1

I have a directory which has more than 330000 files and unfortunately I cannot use ls. In order to list them I use find and I have printed the output in a file list of files

These files are named sequentially, therefore there is a long list that goes Blast0_1.txt.gz Blast0_2.txt.gz Blast0_3.txt.gz....

and these numbers go up to 587, hence the total of the files should 588x588=345744 (because numbering for both before and after the underscore starts at 0

There are some combinations that are missing, because the total should be 345744 but unfortunately it is 331357. Is there an easy way to find the missing combinations through bash?
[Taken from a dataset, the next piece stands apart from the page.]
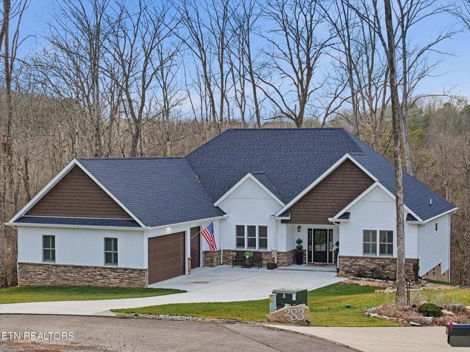 Modern One-Level Living in Tellico Village | Built 2023 Welcome to this beautifully upgraded, one-level home located at the end of a quiet cul-de-sac in the heart of Tellico Village. Built in 2023, this home offers the perfect opportunity to enjoy newer construction without the wait, plus the added benefit of thoughtful upgrades already completed by the current owners. Set against a private wooded backdrop, the home backs up to a protected undisturbed preserve providing lasting privacy and a peaceful natural setting. A scenic creek runs the full length of the preserve, creating a tranquil view you can enjoy year-round. Inside, the home features an open and modern layout designed for both comfort and entertaining. The kitchen has been enhanced with custom cabinetry and a large island—perfect for gatherings, meal prep, or casual dining. Additional upgrades include a custom-built mudroom, plantation shutters throughout ,a tankless water heater, and a whole-house water filtration system for added convenience and peace of mind. Storage is effortless with a Versa Lift motorized attic lift in the garage, making it easy to access attic storage space. Outside, the front yard showcases attractive flagstone walkways and professionally designed hardscaping with frost-resistant landscaping, adding to the home's curb appeal. This home offers the perfect blend of modern design, thoughtful upgrades, and serene natural surroundings—all in one of Tellico Village's most desirable settings. A rare opportunity to enjoy move-in-ready living with long-term peace of mind. Buyer to verify all information to buyer's satisfaction.

I saw that there are available some solutions online but they do not work for me and I cannot figure how to adapt any of them in my dataset.

any help is greatly appreciated

Panos
  • 179
  • 2
  • 13

1 Answers1

2

You could iterate through all possible filenames and check whether the file exists. On my laptop, this took around 8 seconds for 588x588 combinations.

for i in {0..588}; do
    for j in {0..588}; do
        file_name="Blast${i}_${j}.txt.gz"
        [ ! -f $file_name ] && echo "$file_name"
    done
done

This will go through all possible combinations, check whether the file exists and if not, print its filename to the console.

Depending on your naming scheme, you might have to zero pad the numbers.

ptts
  • 1,848
  • 6
  • 14